■ WHAT YOU ARE ASKED TO DO: Transcribe, exactly and without pictures, the lines below from the line with "- FÁCIL MONTAJE" to the line with "Linen Turkish Towel", both ends included, and no others.
[ENTRIES PROVIDED]
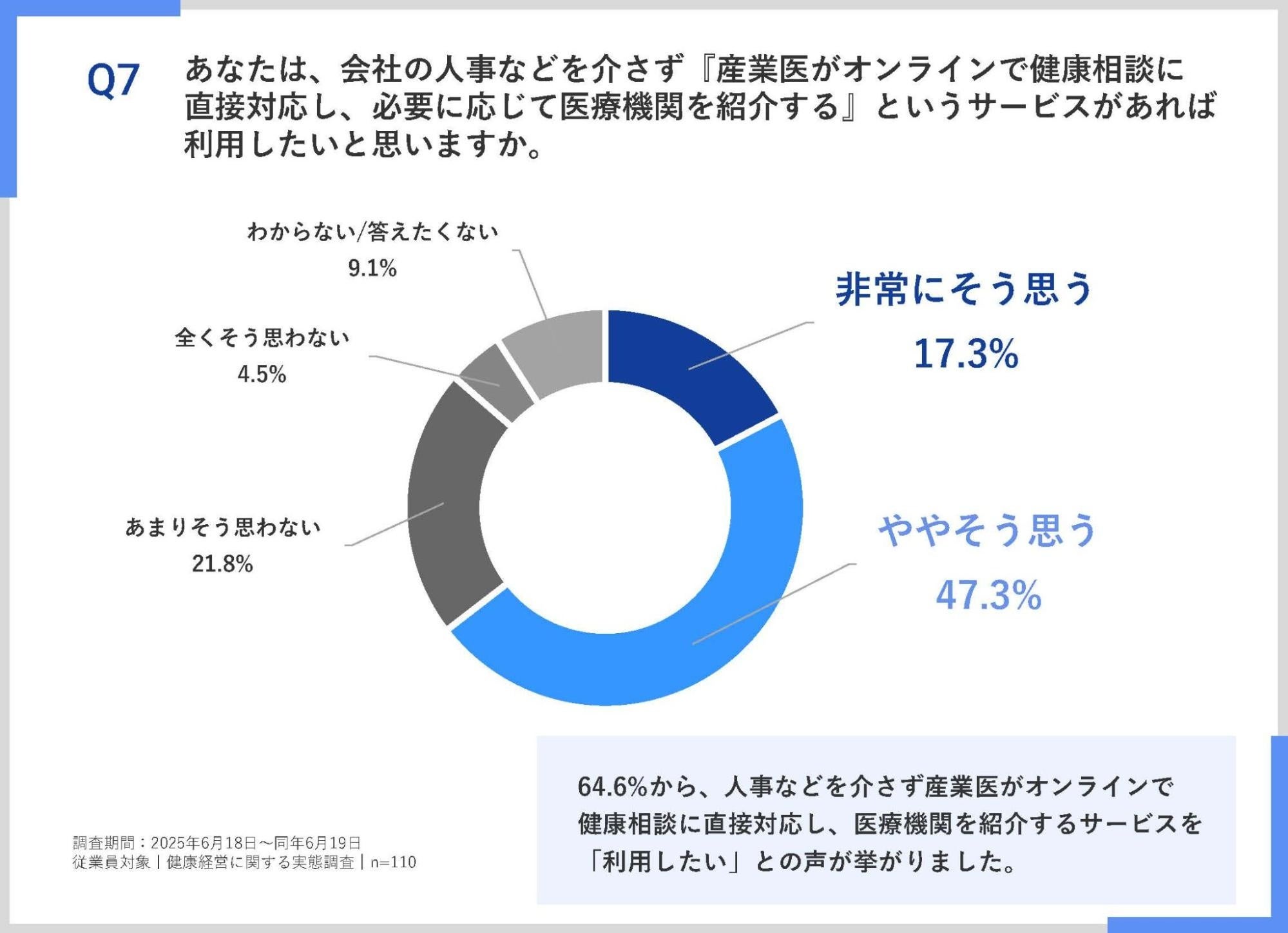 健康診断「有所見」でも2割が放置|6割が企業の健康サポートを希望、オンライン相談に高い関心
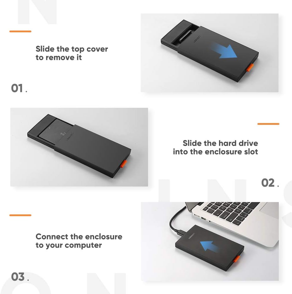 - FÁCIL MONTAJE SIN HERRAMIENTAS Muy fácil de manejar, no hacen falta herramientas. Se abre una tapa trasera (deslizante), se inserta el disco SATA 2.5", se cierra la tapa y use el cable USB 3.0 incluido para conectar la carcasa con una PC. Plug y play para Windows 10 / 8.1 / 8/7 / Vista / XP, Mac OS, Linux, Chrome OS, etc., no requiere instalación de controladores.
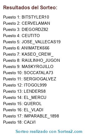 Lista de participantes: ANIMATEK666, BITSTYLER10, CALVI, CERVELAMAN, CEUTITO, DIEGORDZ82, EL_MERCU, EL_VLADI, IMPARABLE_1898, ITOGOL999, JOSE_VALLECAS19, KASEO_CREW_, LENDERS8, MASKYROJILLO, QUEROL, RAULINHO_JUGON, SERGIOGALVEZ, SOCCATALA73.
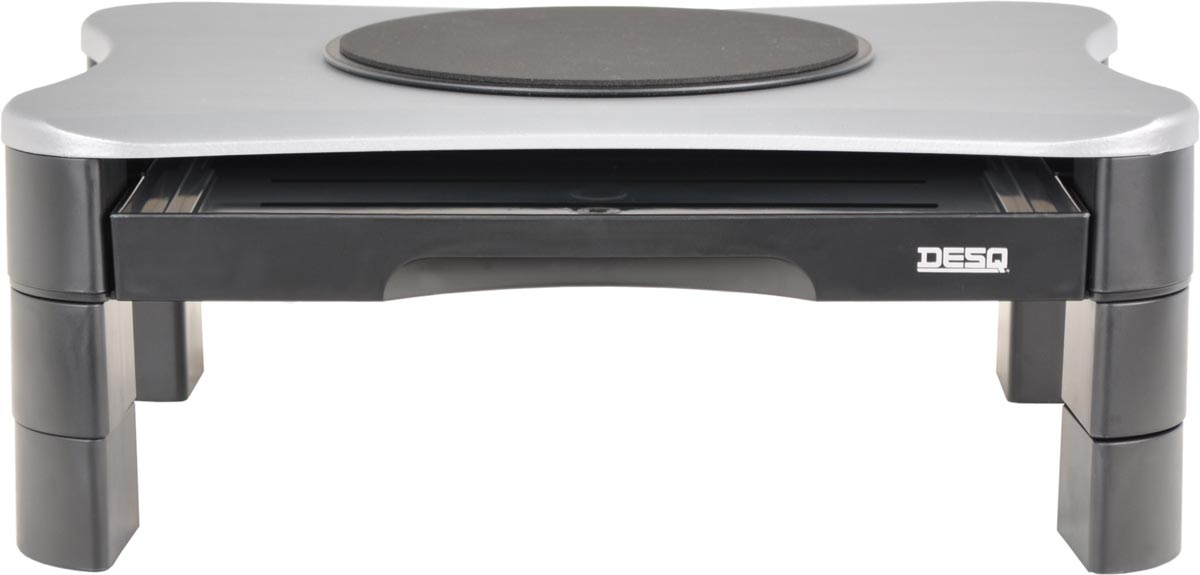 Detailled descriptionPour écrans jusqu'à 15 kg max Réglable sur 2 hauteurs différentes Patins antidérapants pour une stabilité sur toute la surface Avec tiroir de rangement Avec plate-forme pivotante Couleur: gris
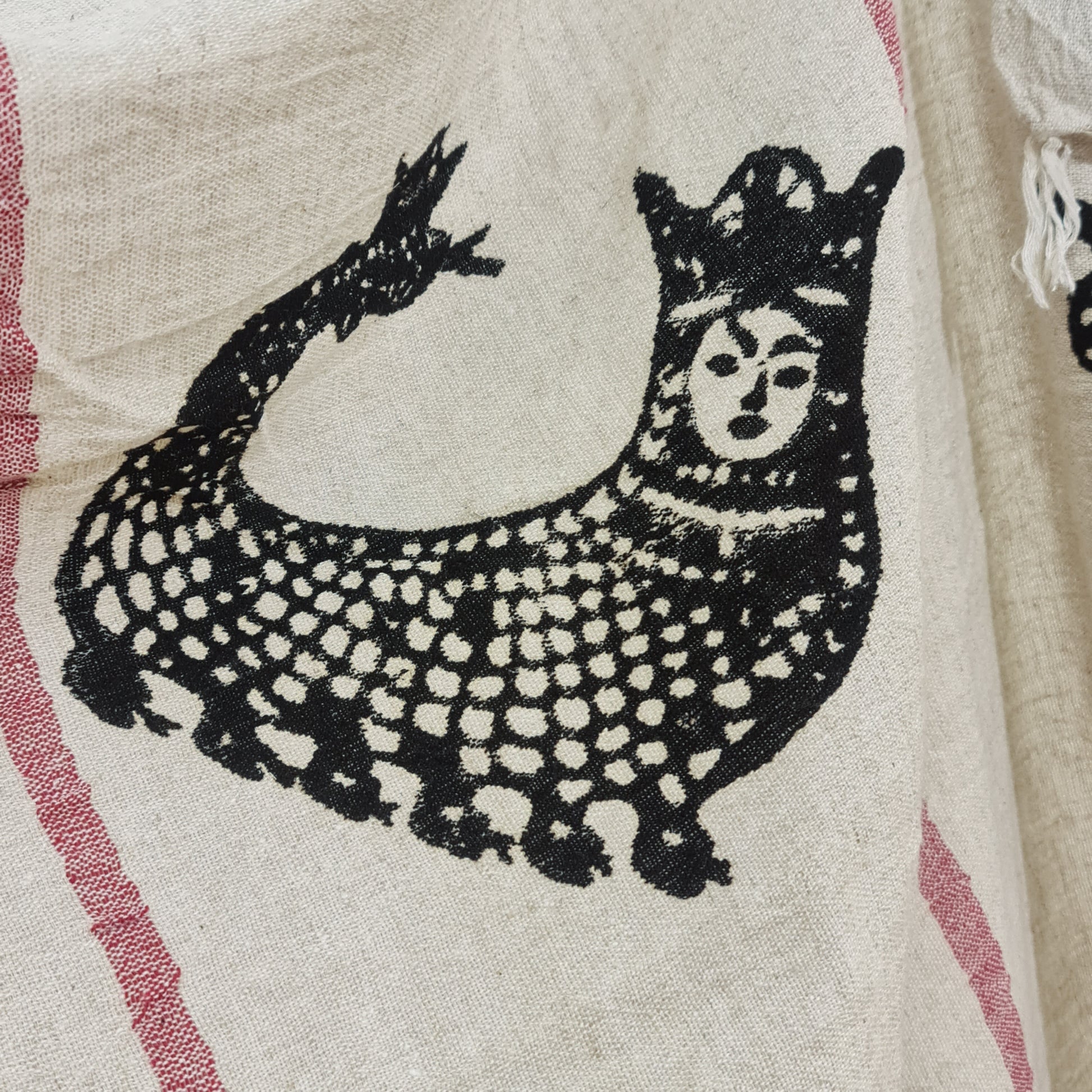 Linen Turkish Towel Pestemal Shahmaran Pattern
[/ENTRIES PROVIDED]
[ENTRIES PROVIDED]
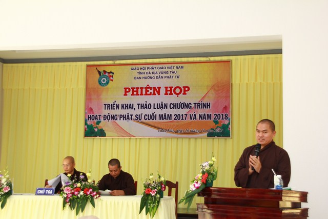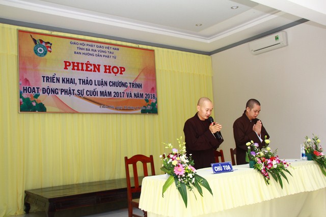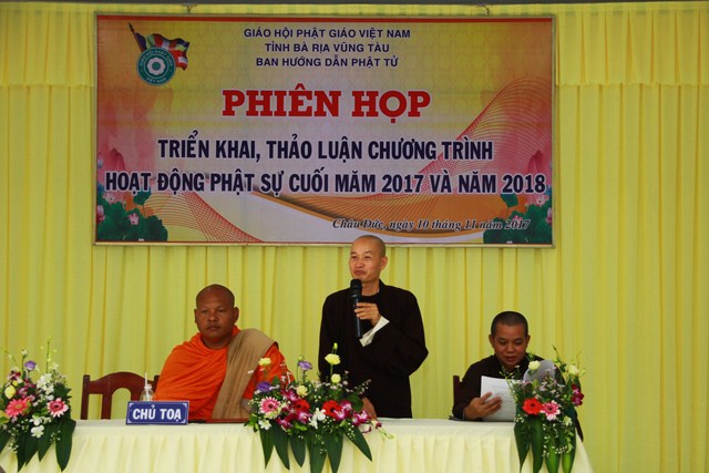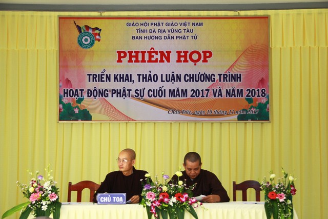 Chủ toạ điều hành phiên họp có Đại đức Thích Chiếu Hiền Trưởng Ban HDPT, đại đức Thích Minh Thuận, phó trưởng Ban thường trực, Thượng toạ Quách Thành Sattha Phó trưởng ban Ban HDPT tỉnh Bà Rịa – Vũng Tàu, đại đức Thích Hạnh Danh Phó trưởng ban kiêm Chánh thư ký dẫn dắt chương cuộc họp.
[/ENTRIES PROVIDED]
■ TASK OUTPUT:
 - FÁCIL MONTAJE SIN HERRAMIENTAS Muy fácil de manejar, no hacen falta herramientas. Se abre una tapa trasera (deslizante), se inserta el disco SATA 2.5", se cierra la tapa y use el cable USB 3.0 incluido para conectar la carcasa con una PC. Plug y play para Windows 10 / 8.1 / 8/7 / Vista / XP, Mac OS, Linux, Chrome OS, etc., no requiere instalación de controladores.
 Lista de participantes: ANIMATEK666, BITSTYLER10, CALVI, CERVELAMAN, CEUTITO, DIEGORDZ82, EL_MERCU, EL_VLADI, IMPARABLE_1898, ITOGOL999, JOSE_VALLECAS19, KASEO_CREW_, LENDERS8, MASKYROJILLO, QUEROL, RAULINHO_JUGON, SERGIOGALVEZ, SOCCATALA73.
 Detailled descriptionPour écrans jusqu'à 15 kg max Réglable sur 2 hauteurs différentes Patins antidérapants pour une stabilité sur toute la surface Avec tiroir de rangement Avec plate-forme pivotante Couleur: gris
 Linen Turkish Towel Pestemal Shahmaran Pattern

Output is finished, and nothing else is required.